- [Your goal]: For this listing, reproduce the line with "Collection / accumulation", the line with "劳保鞋男防砸防刺带钢板钢包头防臭透气耐磨工作鞋防滑", and the lines between, exactly as they stand. Leave out pictures and all other lines.

··· Data for analysis

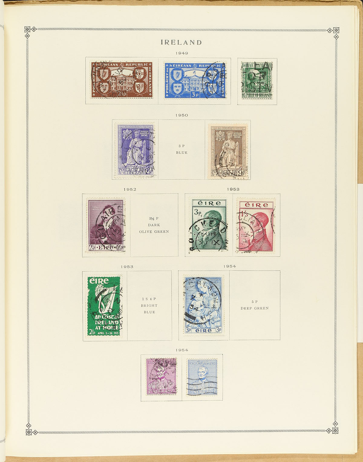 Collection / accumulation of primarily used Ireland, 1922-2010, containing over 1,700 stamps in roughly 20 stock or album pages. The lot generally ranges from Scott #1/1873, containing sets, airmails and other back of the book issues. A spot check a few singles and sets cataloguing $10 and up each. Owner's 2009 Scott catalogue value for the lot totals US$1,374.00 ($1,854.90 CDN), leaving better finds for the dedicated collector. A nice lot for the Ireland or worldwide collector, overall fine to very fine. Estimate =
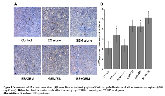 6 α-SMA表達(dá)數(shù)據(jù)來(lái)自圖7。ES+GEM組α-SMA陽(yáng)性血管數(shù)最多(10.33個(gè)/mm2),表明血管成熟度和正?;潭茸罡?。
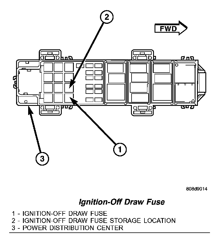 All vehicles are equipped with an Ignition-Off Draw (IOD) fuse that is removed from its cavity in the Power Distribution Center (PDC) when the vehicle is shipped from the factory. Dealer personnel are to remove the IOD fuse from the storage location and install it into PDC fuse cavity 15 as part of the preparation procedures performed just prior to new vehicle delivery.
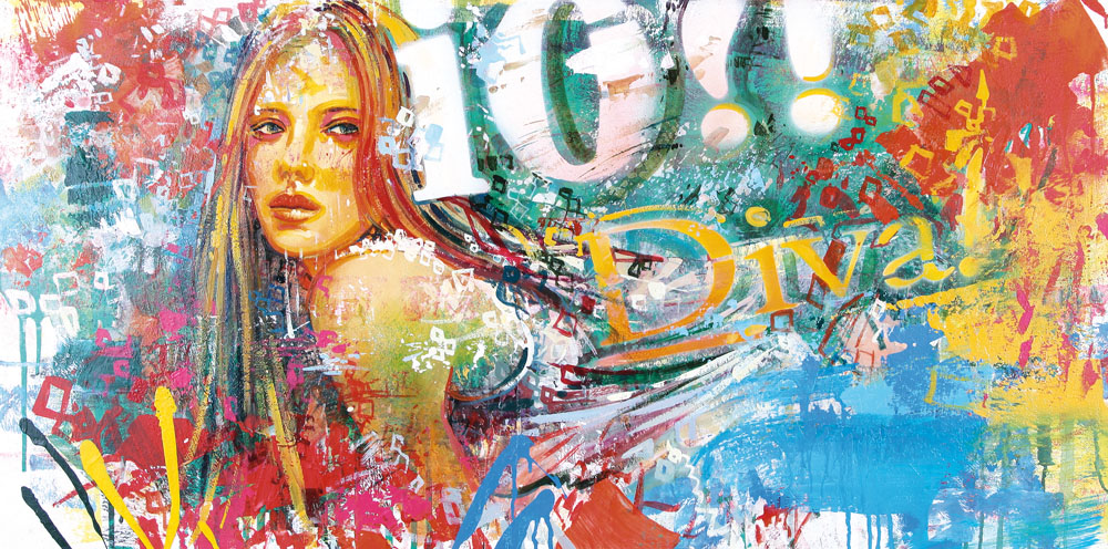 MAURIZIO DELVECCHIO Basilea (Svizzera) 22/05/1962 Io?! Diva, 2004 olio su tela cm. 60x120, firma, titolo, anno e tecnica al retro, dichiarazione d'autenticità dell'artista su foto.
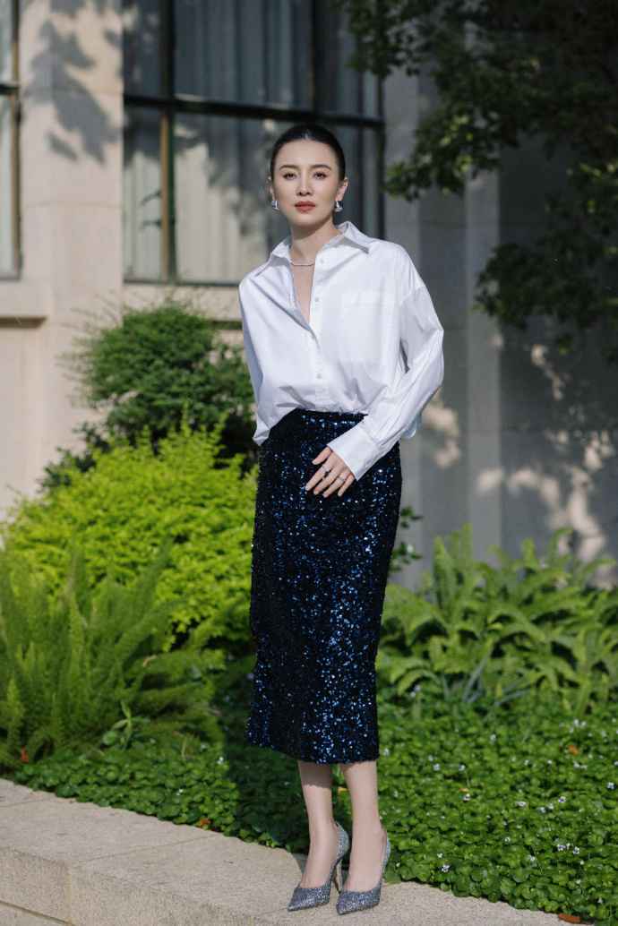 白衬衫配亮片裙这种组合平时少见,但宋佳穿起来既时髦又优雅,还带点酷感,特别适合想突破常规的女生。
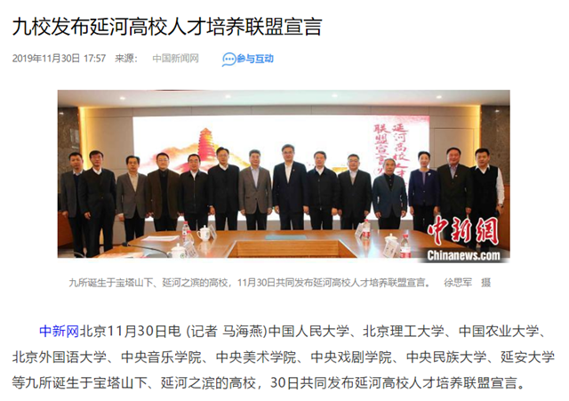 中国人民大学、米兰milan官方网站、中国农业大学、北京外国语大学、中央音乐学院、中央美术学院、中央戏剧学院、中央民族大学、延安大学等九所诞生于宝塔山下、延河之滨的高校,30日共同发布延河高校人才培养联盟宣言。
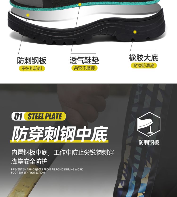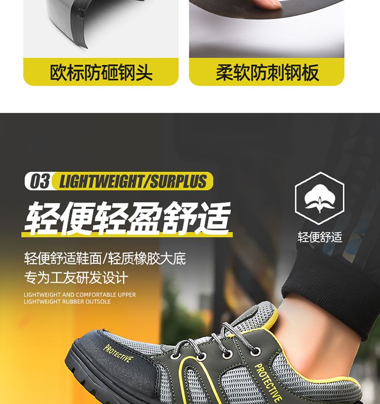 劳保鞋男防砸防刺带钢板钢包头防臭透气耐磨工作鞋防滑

······
··· Data for analysis

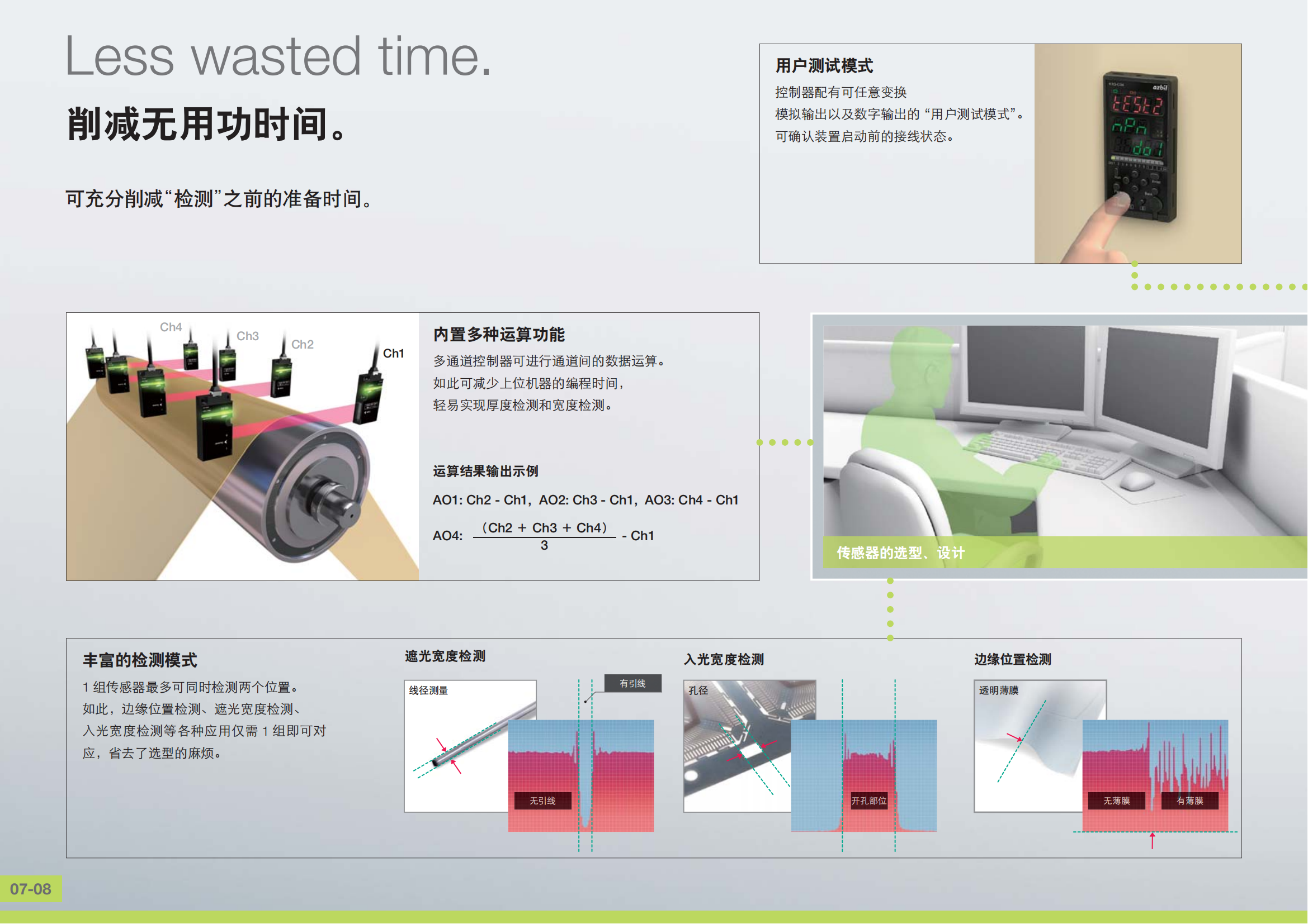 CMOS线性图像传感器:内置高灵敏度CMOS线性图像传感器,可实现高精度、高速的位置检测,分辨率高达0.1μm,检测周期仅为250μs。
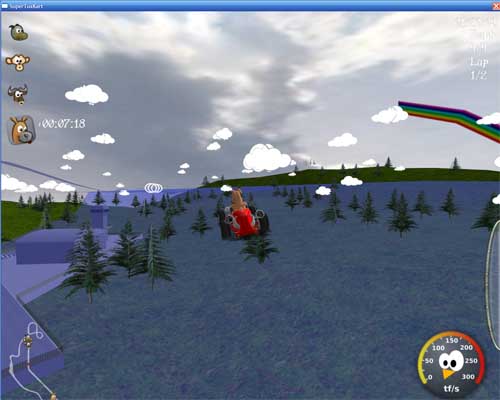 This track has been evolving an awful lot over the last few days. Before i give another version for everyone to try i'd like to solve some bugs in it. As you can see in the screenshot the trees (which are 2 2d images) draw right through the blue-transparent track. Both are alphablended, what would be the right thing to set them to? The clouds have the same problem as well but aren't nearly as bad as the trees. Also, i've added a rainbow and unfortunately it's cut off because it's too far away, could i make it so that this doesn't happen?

······
··· Data for analysis

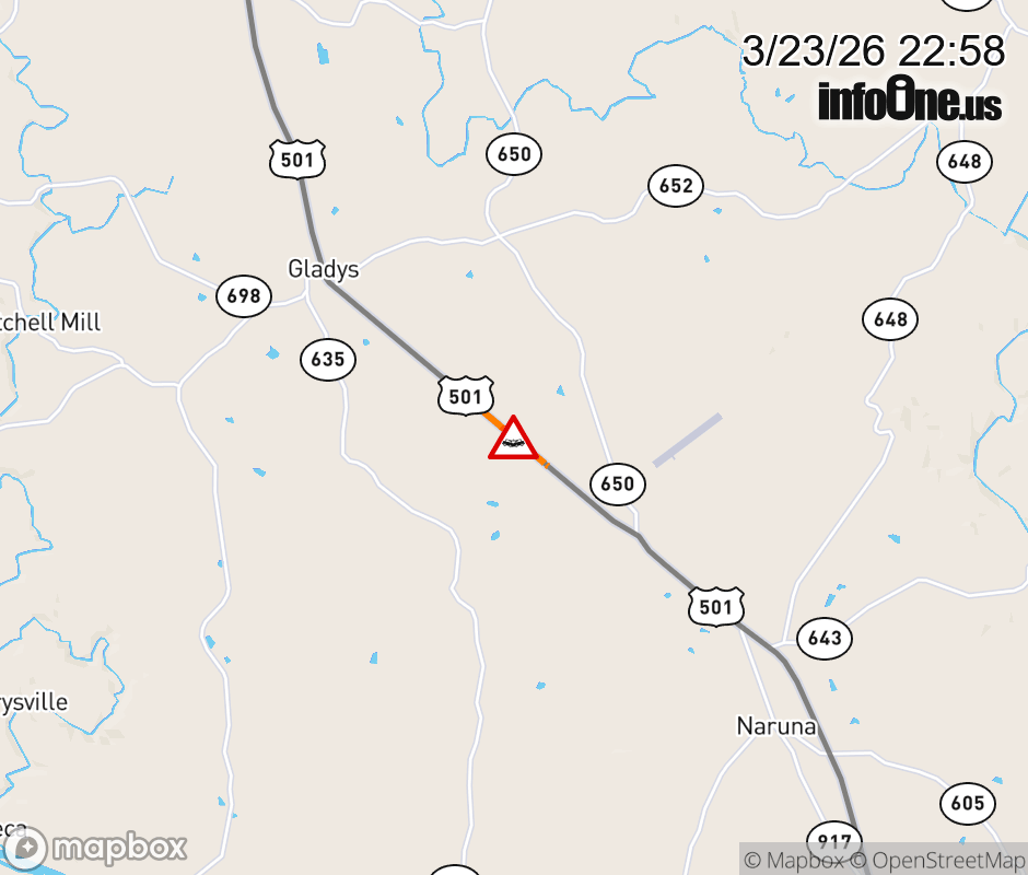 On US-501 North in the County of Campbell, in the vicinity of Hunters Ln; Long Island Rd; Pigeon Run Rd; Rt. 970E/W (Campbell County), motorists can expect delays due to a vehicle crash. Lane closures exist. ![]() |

······

- [Exercise response]:
 Collection / accumulation of primarily used Ireland, 1922-2010, containing over 1,700 stamps in roughly 20 stock or album pages. The lot generally ranges from Scott #1/1873, containing sets, airmails and other back of the book issues. A spot check a few singles and sets cataloguing $10 and up each. Owner's 2009 Scott catalogue value for the lot totals US$1,374.00 ($1,854.90 CDN), leaving better finds for the dedicated collector. A nice lot for the Ireland or worldwide collector, overall fine to very fine. Estimate =
 6 α-SMA表達(dá)數(shù)據(jù)來(lái)自圖7。ES+GEM組α-SMA陽(yáng)性血管數(shù)最多(10.33個(gè)/mm2),表明血管成熟度和正?;潭茸罡?。
 All vehicles are equipped with an Ignition-Off Draw (IOD) fuse that is removed from its cavity in the Power Distribution Center (PDC) when the vehicle is shipped from the factory. Dealer personnel are to remove the IOD fuse from the storage location and install it into PDC fuse cavity 15 as part of the preparation procedures performed just prior to new vehicle delivery.
 MAURIZIO DELVECCHIO Basilea (Svizzera) 22/05/1962 Io?! Diva, 2004 olio su tela cm. 60x120, firma, titolo, anno e tecnica al retro, dichiarazione d'autenticità dell'artista su foto.
 白衬衫配亮片裙这种组合平时少见,但宋佳穿起来既时髦又优雅,还带点酷感,特别适合想突破常规的女生。
 中国人民大学、米兰milan官方网站、中国农业大学、北京外国语大学、中央音乐学院、中央美术学院、中央戏剧学院、中央民族大学、延安大学等九所诞生于宝塔山下、延河之滨的高校,30日共同发布延河高校人才培养联盟宣言。
 劳保鞋男防砸防刺带钢板钢包头防臭透气耐磨工作鞋防滑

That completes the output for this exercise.